Eventually, for a given input \({\textbf{x}}^*\), we have three different column vectors of shape \(K \times 1\) as \(EP \in {\mathbb {R}}^{k}\), \(AL \in {\mathbb {R}}^{k}\), \(SC \in {\mathbb {R}}^{k}\), whose elements represent epistemic, aleatoric and scibilic uncertainty for each class respectively.

4 Approach

In regions with a low number of training samples, model uncertainty is larger. We cannot obtain a model that perfectly predict all testing data. This can be explained due to the absence of ground truth in these areas. Figure 8 displays the prediction outputs of a regression model trained on a small amount of data that are bound by some interval. For this toy example, we trained a neural network with single hidden layer and ten neurons to learn a linear function \(y = 2 \times x + 3\). As can be observed in the figure, the model’s uncertainty values (epistemic) derived from MC dropout estimates are high in places where we do not have training data, indicating that the quality of the prediction is low and the model is having difficulty deciding the accurate output values. Consistently, high loss values are observed in those regions. As a result, we can argue that the regions with high epistemic uncertainty corresponds to the regions of low prediction accuracy. Therefore, testing the model in severe settings with input that it has never encountered before will lead to model prediction failure [24]. Similarly, restoring the input samples to the regions where the model was trained on (low uncertainty regions) would yield more accurate predictions. In this study, we employed this idea. However, we paid attention to one key point, that is, while trying to minimize the quantified uncertainty for any input sample, we made sure that the restoration operation has minimal effect to model loss.

Fig. 8
figure 8

Uncertainty values obtained from a regression model

4.1 Uncertainty-based reversal operation

We begin this section by presenting the pseudo-code for uncertainty-based reversal procedure, as described in Algorithm 1. This reversal method is designed under \(L_\infty \) norm.

We compute \(\nabla _{\textbf{x}} \ell (h({\textbf{x}}_{t}, y_{pred}))\) and \(\nabla _{\textbf{x}} U({\textbf{x}}_t,h,p,T)\) for each iteration of our uncertainty-based reversal procedure.

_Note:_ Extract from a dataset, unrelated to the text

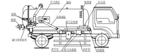 高壓清洗吸污車回油箱位于車架右中部,左通油氣分離器,右連四通閥。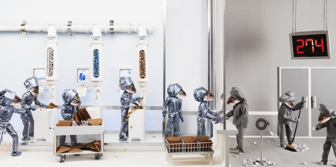 Cô đặc biệt thích thú với việc tái tạo lại cảnh sản xuất hàng loạt của công nhân, thể hiện quan điểm về xã hội tiêu dùng công nghiệp của con người, và khéo léo nêu bật những vấn đề khá nghiêm trọng theo một cách dí dỏm. Tiến sĩ Didier Rouzeyrol đã dùng thơ để miêu tả tác phẩm của cô như sau:

Then, we restore the input sample by minimizing its quantified uncertainty and utilize the sub-directions of uncertainty’s gradient that are not shared by the loss’ gradient with respect to predicted class. A better understanding of this idea can be obtained by glancing at Fig. 9.

Fig. 9
figure 9

Sub-directions used in reversal procedure

In our proposed method, we used both loss and uncertainty information and exclusively use the sub-directions from the uncertainty’s gradient that are not shared by the gradient of the loss. The intuition behind this approach is as follows: In a conventional production setting where an ML model is employed for a classification problem, the input is supplied to the model, and the final prediction is observed after the input sample is processed and mapped to an output, as illustrated in upper part of Fig. 10. For any input, the gradient of the loss against predicted label gives us an idea about the possible direction where we can minimize the loss. However, if the prediction of the ML model is wrong, the model will be more confident in its wrong prediction and final prediction will be much more inaccurate when we perturb the image in loss gradient direction. Therefore, when trying to minimize the quantified uncertainty of the input sample, we needed to get rid of the common sub-directions shared by loss gradient. After rejecting part of the sub-directions, the remaining sub-directions in the uncertainty’s gradient can be utilized to safely return the input to its original data manifold.

Fig. 10
figure 10

Options for ML model deployment

In this study, we have used both the standard version which is based on epistemic uncertainty and developed 2 additional variants of above procedure which are different in terms of the type of the uncertainty metric employed and the way of using the output uncertainty vector. We started our experiments by using epistemic uncertainty obtained from Eq. 9. We used the expected value(mean) of the epistemic uncertainty (EP) for the uncertainty quantification as in the case of [9]. Then, we tried scibilic uncertainty (SC) via Eq. 10 and used mean of the SC. Lastly, instead of using the average scibilic uncertainty measure of all classes, we used the uncertainty value of the predicted class only. In this way, we used the following three equations for uncertainty quantification.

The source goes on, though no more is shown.